(Stored dataset items)
────
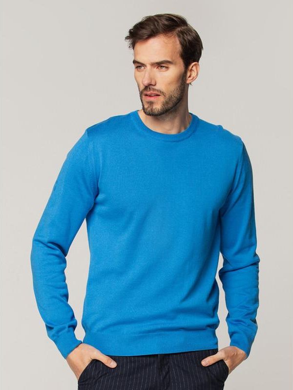 Sweter męski Willsoor Kolor: niebieski Dekolt: okrągły (typ O-neck) Skład: 50% bawełna, 50% akryl Rękawy wykończone ściągaczem Dół wykończony ściągaczem Elastyczna tkanina, prosty fason Jakość: pierwsza Gwarancja: 24 m-ce
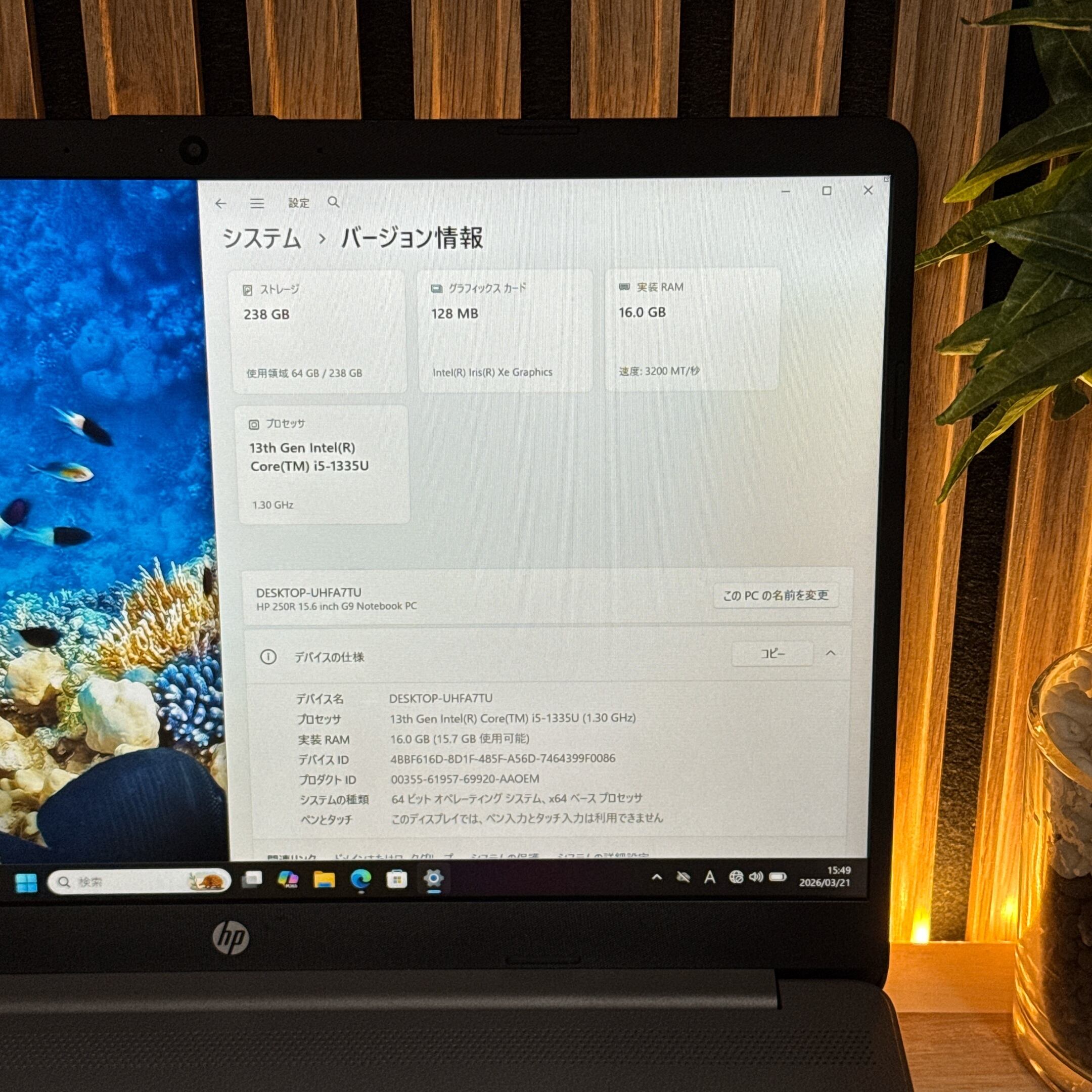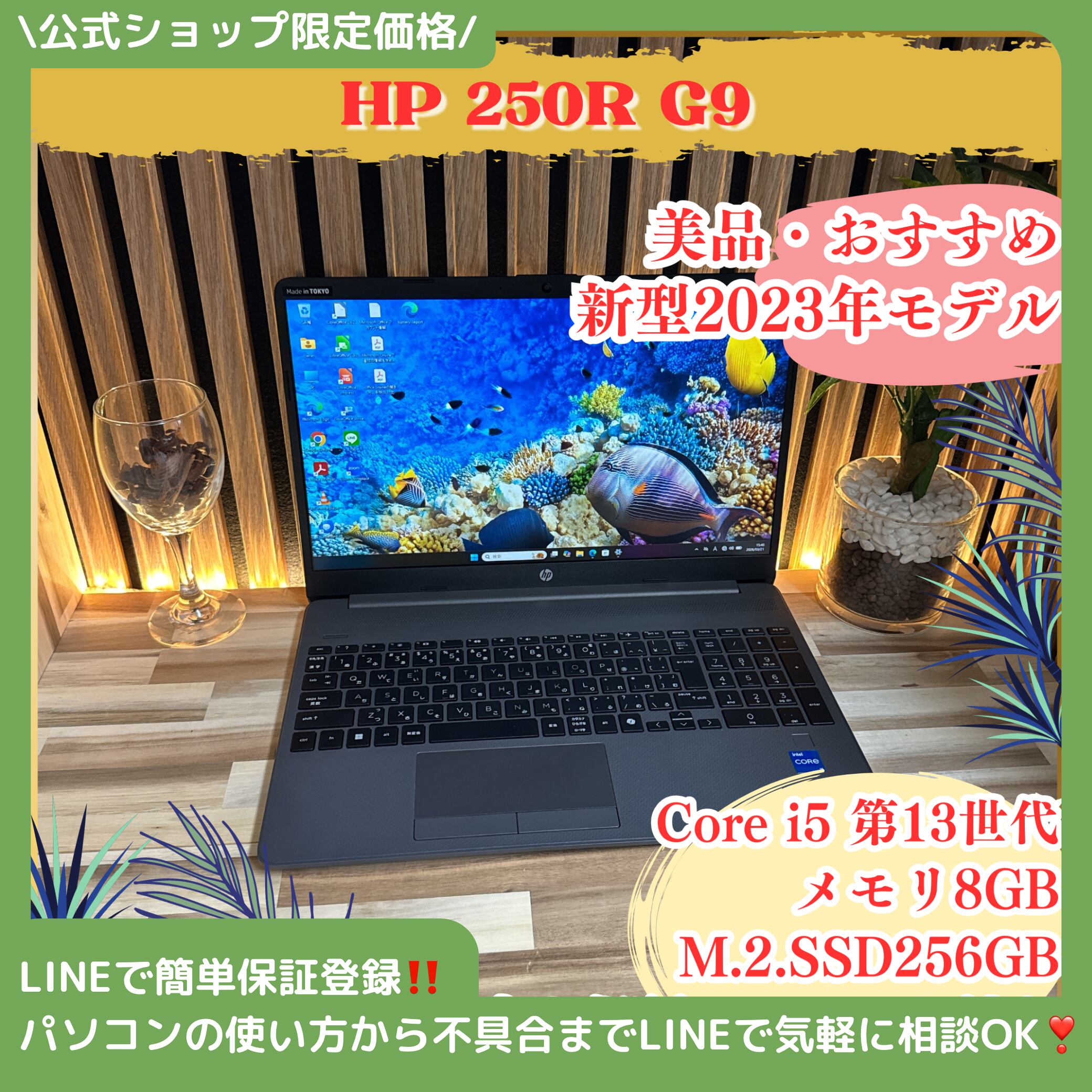 『美品2023年モデル』HP 250R G9 第13世代 SSD256GB フルHD ノートパソコン オフィス付き
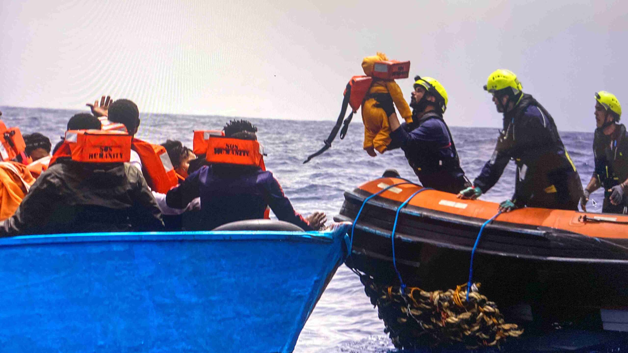 Sono 42 persone, 22 minori, 19 dei quali viaggiano da soli. In mare da tre giorni, questa è la seconda notte alla deriva. Il motore s’è rotto. La linea di galleggiamento a poppa è molto bassa, soffia vento forte, entrano ondate di acqua salata. Sono storditi dalle esalazioni di carburante. Hanno tutti freddo, sono disidratati, fradici. Uno per uno vengono issati a bordo.
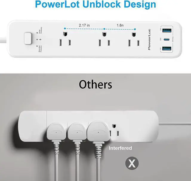 [Widest AC Space & Flat Plug] PowerLot power strip designed with wide space between each AC outlets, while a flat plug could be hind behind a furniture and would not block your other wall outlets, so that our customer would never be annoyed by plug interference
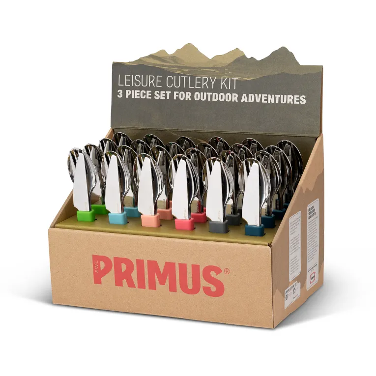 Das Leisure 24 Stück Besteckset von Primus stattet die komplette Großfamilie beim Campingabenteuer mit Essenswerkzeug aus. Es enthält 24 Sets, bestehend aus Messer, Gabel und Löffel, die jeweils von einem hitzebeständigen, griffigen Ring aus Silikon zusammengehalten werden. Das Edelstahl-Besteck ist natürlich rostfrei und robust, damit es dich auf viele Abenteuer begleiten kann.
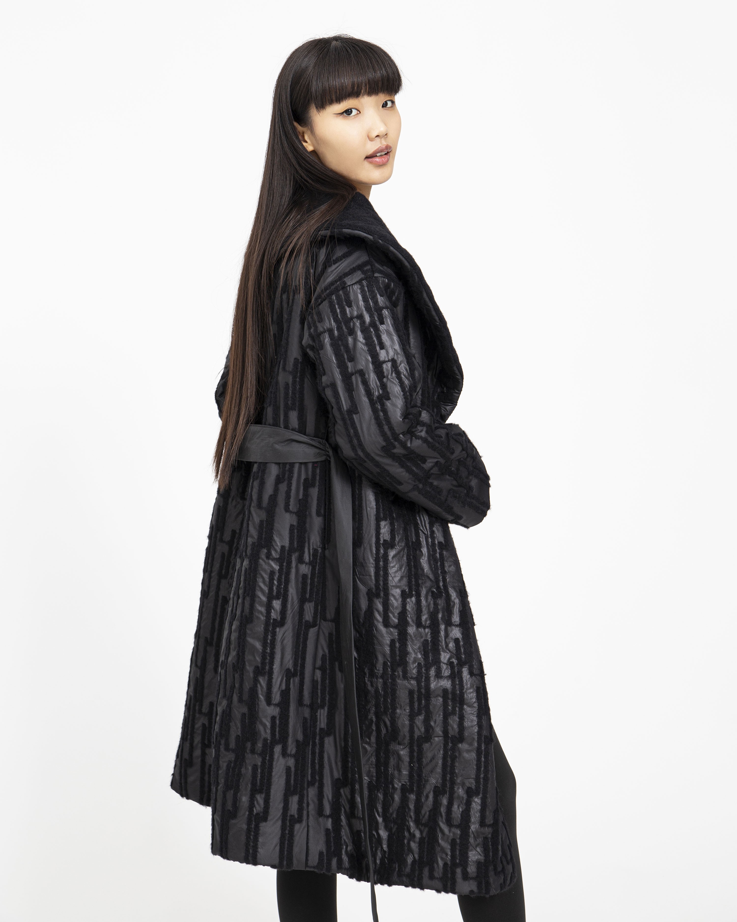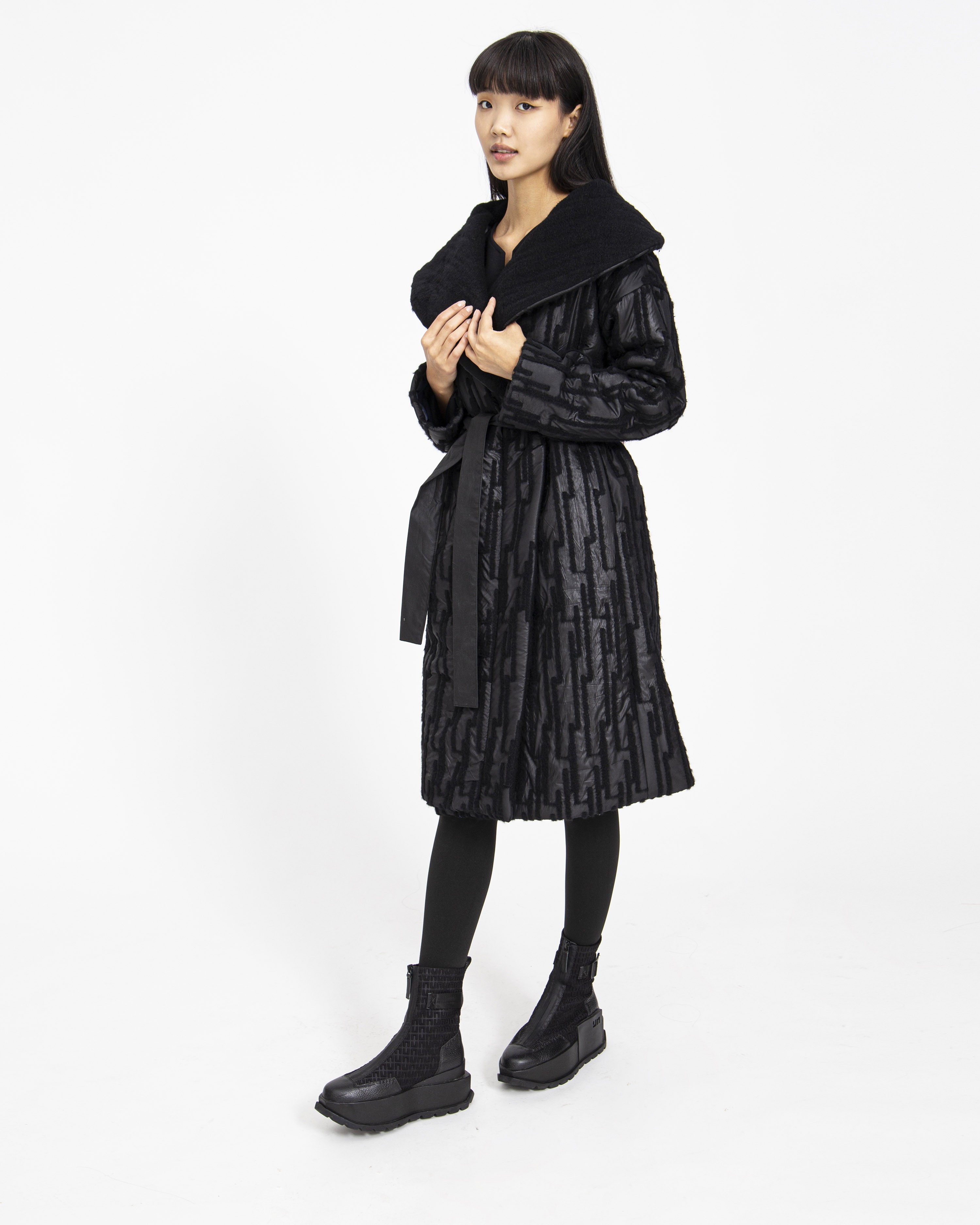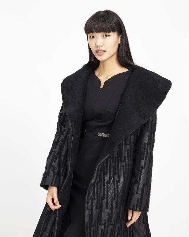 Ez a kabát egy övvel megköthető kényelmes fazon. Anyaga gyapjú, aminek külső felületén egy vízlepergetős anyag található, melybe hagyományos tűnemezelős technikával jelenik meg a gyapjú anyag mintaként. Oldalán két mély zseb is található, gallérja állítható, így hidegebb időben zártabbá tehető a kabát fazonja. A kabát bélelt.
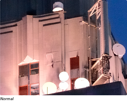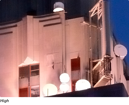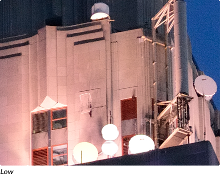 Detailed views of the same subject shot at different High ISO NR settings. Higher settings reduce the noise visible in the sky but also reduce the sharpness of edges in the main subject.
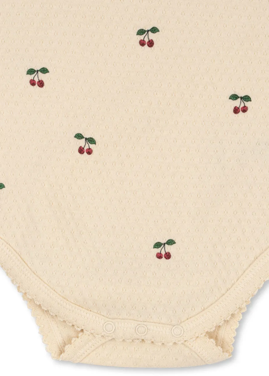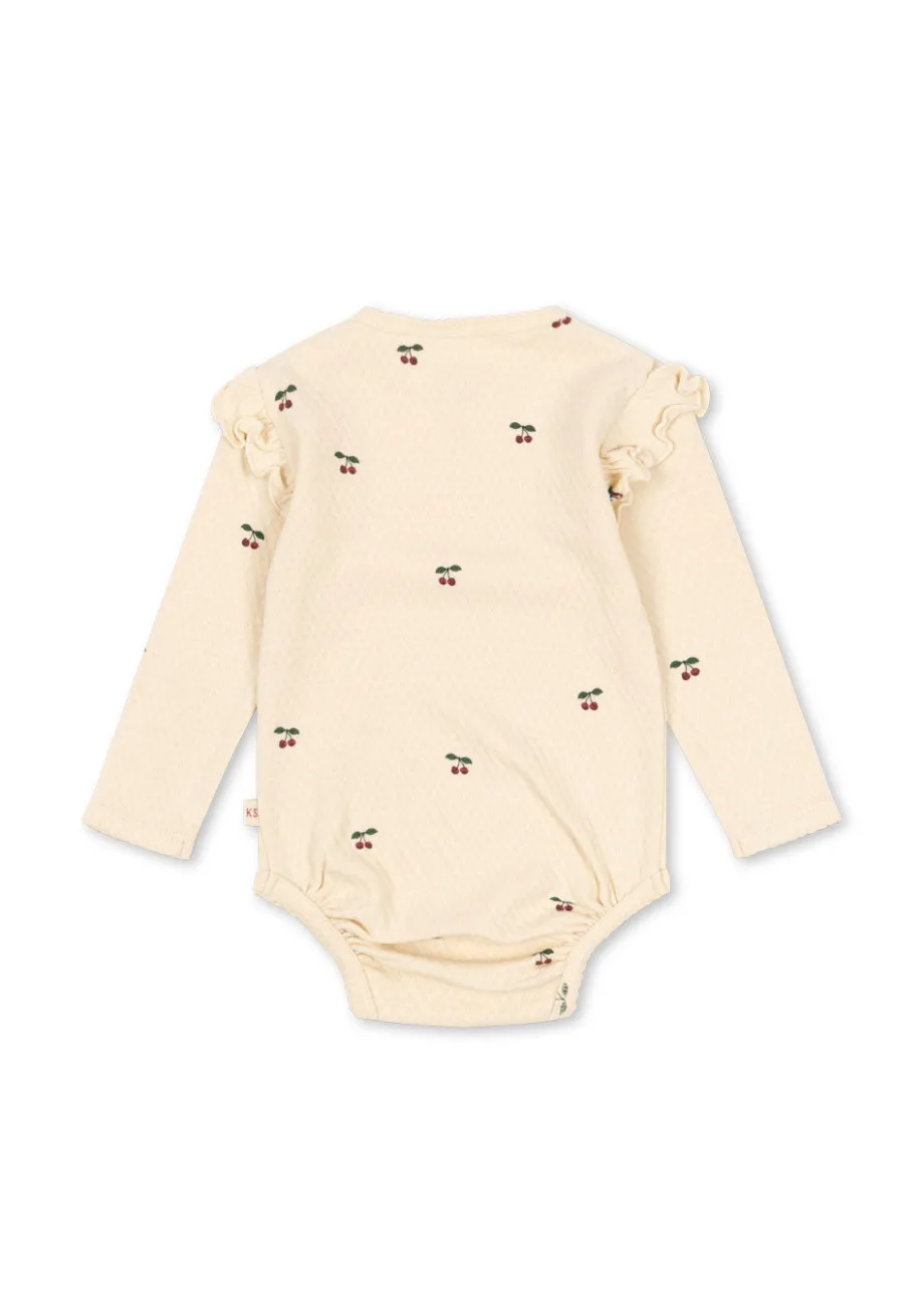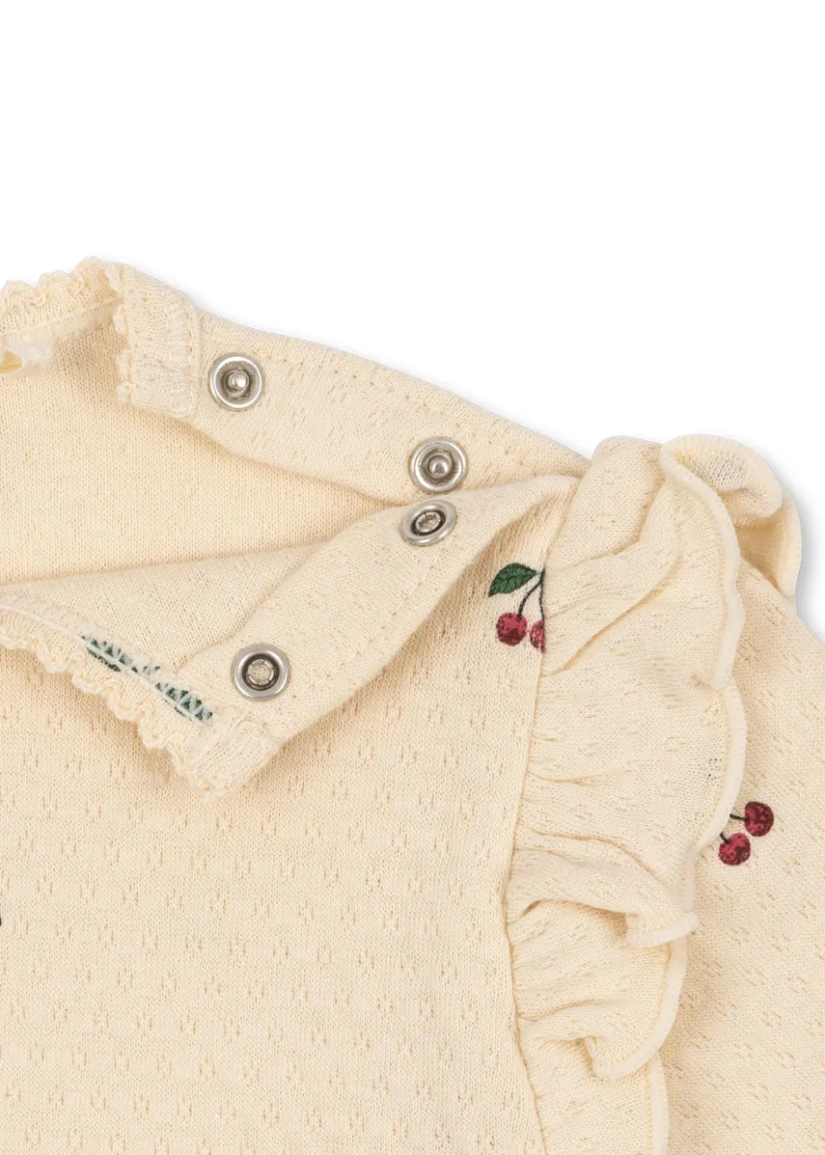 Blød bodystocking i bomuld med flæsedetaljer på skuldrene. Med trykknapper ved benåbningen. som gør det nemt at klæde barnet på. Lavet af 100 % økologisk bomuld. GOTS. økologisk. c
────
» **Description of the task**
Exactly repeat only the lines from the one with "Detailed views of" to the closing line above, both included, and omit every picture.

» **Answer box**
 Detailed views of the same subject shot at different High ISO NR settings. Higher settings reduce the noise visible in the sky but also reduce the sharpness of edges in the main subject.
 Blød bodystocking i bomuld med flæsedetaljer på skuldrene. Med trykknapper ved benåbningen. som gør det nemt at klæde barnet på. Lavet af 100 % økologisk bomuld. GOTS. økologisk. c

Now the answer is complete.